A primer on locker room etiquette for older men

Anyone who’s ever had the pleasure of changing clothes in a shower- and/or sauna- and/or steamroom-equipped gym lockerroom featuring ”men of a certain age” (no, not you, Mr. Romano) knows that male nudity is not a particularly taboo concept to these individuals. And that’s fine: I respect their (and, for that matter, your) right to feel absolutely no shame about their naked bodies, especially in the context of a gym locker room when said nakedness is an appropriate prerequisite to multiple activities. However, I think we can all agree that there are various unwritten rules of deportment involved in changing in a locker room when full nudity is required. Yet, for whatever reason, the more time that gravity has had to ravage these mens’ bodies, the more likely they are to be on display at any given moment.

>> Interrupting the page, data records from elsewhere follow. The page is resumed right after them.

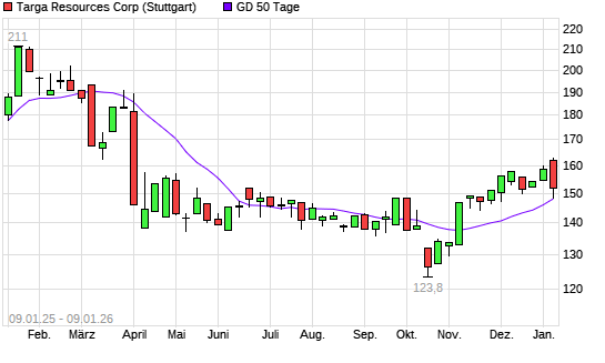 Mit dem Anstieg auf 151,70 EUR hat die Targa Resources-Aktie am 08.01.2026 die 50-Tage-Linie nach oben gekreuzt.
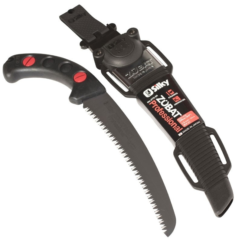 SILKY Zubat Professional är en hölstersåg med bågformat sågblad. Gummiklätt skaft med bra grepp – den nya klacken på handtaget ger ett säkert grepp. Specialdesignat hölster av polypropylen som gör att sågen smidigt glider/rullar ner. Hölstret har även ett avtagbart och ledat bältesfäste.
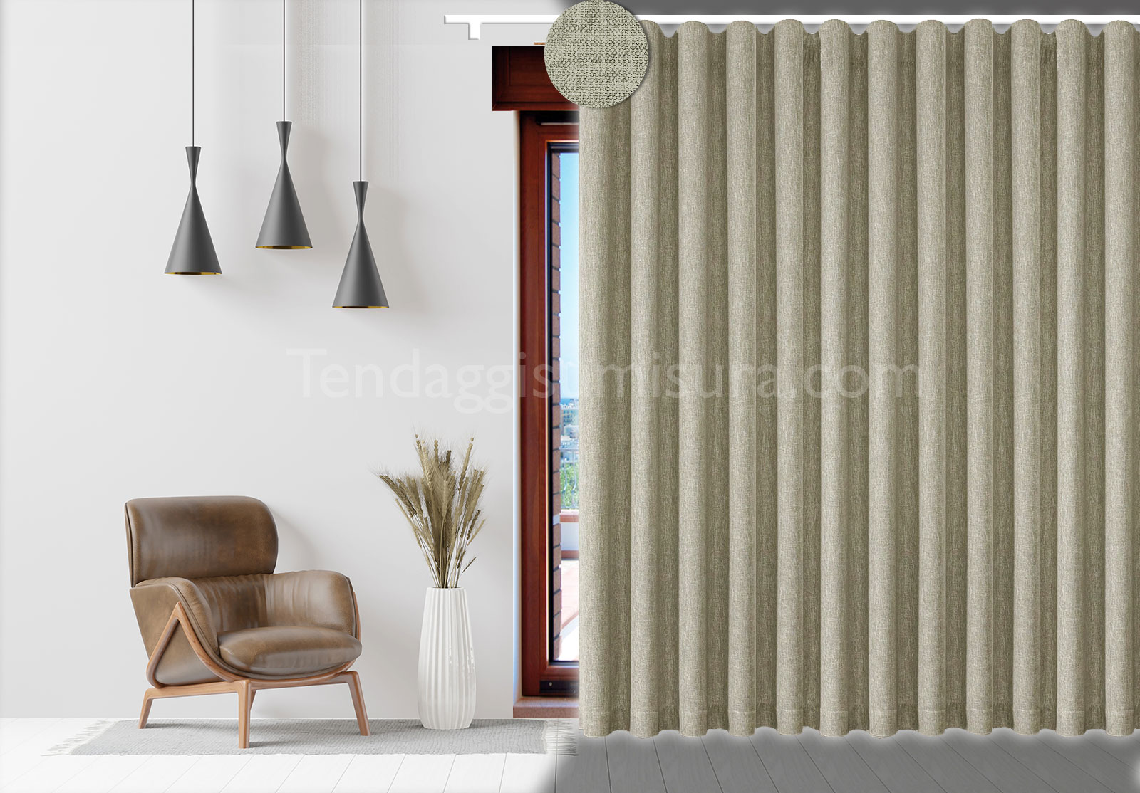 Tenda a onda wave oscurante nei colori della terra. Scegli questo tendaggio se la tua è necessità di avere buio anche quando c’è la luce solare. Il sistema ad onde non è un sistema che impedisce l’ingresso della luce ai lati, ma scegliendo il tessuto black-out sarete certi che, dal tessuto, non entrerà luce. Riuscirete quindi a ridurre molto l’ingresso della luce all’interno della stanza.
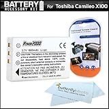 Battery Kit For Toshiba Camileo X100 Full-HD Camcorder Includes Extended (1850Mah) Replacement PX1657 Battery + LCD Screen Protectors + MicroFiber Cleaning Cloth
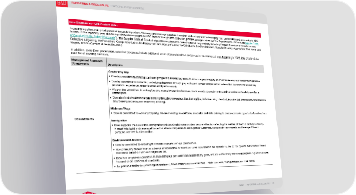 REPORTING & DISCLOSURE TRACKING OUR PROGRESS DOW | REPORTING & DISCLOSURE | 172 Dow Disclosures – GRI Content Index Engaging suppliers that prioritize social issues is important. We select and manage suppliers based on a robust set of criteria ranging from performance and economics to ESG factors. In the reporting year, all new suppliers were engaged on ESG factors through data collection, policies, and guidelines like the Supplier Code of Conduct ( Supplier Code of Conduct| Public Policy | Corporate ). The Supplier Code of Conduct stipulates requirements related to social responsibility including Respect Freedom of Association and Collective Bargaining, No Forced and Compulsory Labor, No Harassment and Abuse of Labor, No Child Labor, No Discrimination, Supplier Diversity, Appropriate Work Hours and Wages, and No Conflict Minerals Sourcing. In addition, some Dow procurement selection processes include additional social criteria related to a certain sector or commercial area. Beginning in 2022, ESG criteria will be used for all sourcing decisions. Management Approach Components Description Commitments Gender Pay Gap • Dow is committed to making continued progress in several key areas to advance gender equity and further develop our female talent pipeline • Dow is committed to correcting underlying disparities through pay audits and annual compensation reviews that factor in how we set pay (education, experience, responsibilities and performance). • We are also committed to looking beyond wages to examine bonuses, stock awards, promotion rates and concentration levels by gender in certain jobs. • Dow also looks to eliminate bias in hiring through unconscious-bias training (i.e., inclusive hiring standard, inclusive job descriptions, unconscious bias training and inclusive leadership training). Minimum Wage • Dow is committed to worker prosperity. We are investing in workforce, education and skills training to create economic opportunity for all workers. Immigration • Dow supports the rule of law. Immigration policies should make borders secure while also reflecting the realities of the 21st century economy. It must help build a diverse workforce that allows companies to serve global customers, compete in new markets and leverage different perspectives that fuel innovation. Environmental Justice • Dow is committed to ensuring the health and safety of our communities. • No community should bear an adverse environmental or health outcome as a result of our operations. We do not operate our sites to different standards based on who our neighbors are. • Dow has long been committed to exceeding our own ambitious sustainability goals, and we work closely with the appropriate regulatory bodies to meet or out-perform all standards. • As part of a similar longstanding commitment, Dow listens to our communities — their concerns, their questions and their needs.

To be clear, I’m not singling out older people for dressing or undressing more slowly than their younger brethren. That’s to be expected. What I’m talking about is the age-related tendency to add or remove clothing in a completely illogical order while randomly engaging in nudity-extending activities during the changing process. Everybody knows that the number one rule of underwear etiquette in a locker room setting is L.O.F.O. — as in Last Off, First On. In practice, this means that, if you need to shower, your underwear should be the very last piece of clothing you remove before wrapping a towel around your waste and schlepping off to the stalls. Then, upon your return, your underwear should be the very first piece of clothing you put on before proceeding with the rest of your outfit. It’s excruciatingly straightforward and no more difficult than any other changing order (and, indeed, simpler/more useful than many — unless you’re Quail Man, of course). Yet for some reason, this stunnginly logical progression becomes an irreconciliable calculus for many gents in their sixth decade and beyond.

Forthwith: a non-inclusive list of the offenses my eyeballs have been subject to in just a few short months at my new gym:

  • The most common: Countless men who, having just returned from the sauna or showers, proceed to put on both a fresh undershirt and then a fresh buttondown — which they must then laboriously button up – before finally stepping into the predictable pair of tighty-whities.
  • The most easily avoided: Guys who walk dripping from the showers in order to vigorously towel themselves off in the changing area before getting dressed — inevitably in the manner described above.
  • The most disconcerting: Gym buddies engaging one another in extended conversations halfway through the changing process, resulting in – since apparently neither man is capable of multitasking to the extent required to slide on a pair of Dockers while discussing his wife’s latest foible – dual displays of wrinkled trouser schnauzer for far longer than even remotely necessary.
  • The most unsanitary: The few fellows who deem it necessary to sit down to doff or don certain items of clothing – but only after removing their underwear. Less “junk in the trunk” than “stench on the bench.” (Taint on the paint? P.U. on the pew?)
  • The most inexplicable: A man who, having stripped down to nothing but his flip flops, decides that this would be the best time to engage in a vigorous bout of stretching from various angles — presumably because his workout clothes are much too restrictive to be donned before engaging in such preventitive exercise.

Look, guys, I get it: you’re old, you’ve survived this long, let’s see if the rest of us can. But on behalf of those of us who still possess retinas that need to last at least another half-century, can we please adopt a slightly more modest set of behaviors in the locker room? (A new code of “compartment comportment,” if you will.) I know I can work harder to look somewhere else, but goddamnit, there are a lot of reflective surfaces in there! (And yes, I realize that by a cruel trick of nature, the people least likely to come across this article in their everyday lives are those most in need of its advice, so feel free to print this out in large text and mail to your fathers/grandfathers as appropriate. I’m sure they’d be thrilled to hear from you, you ungrateful git.)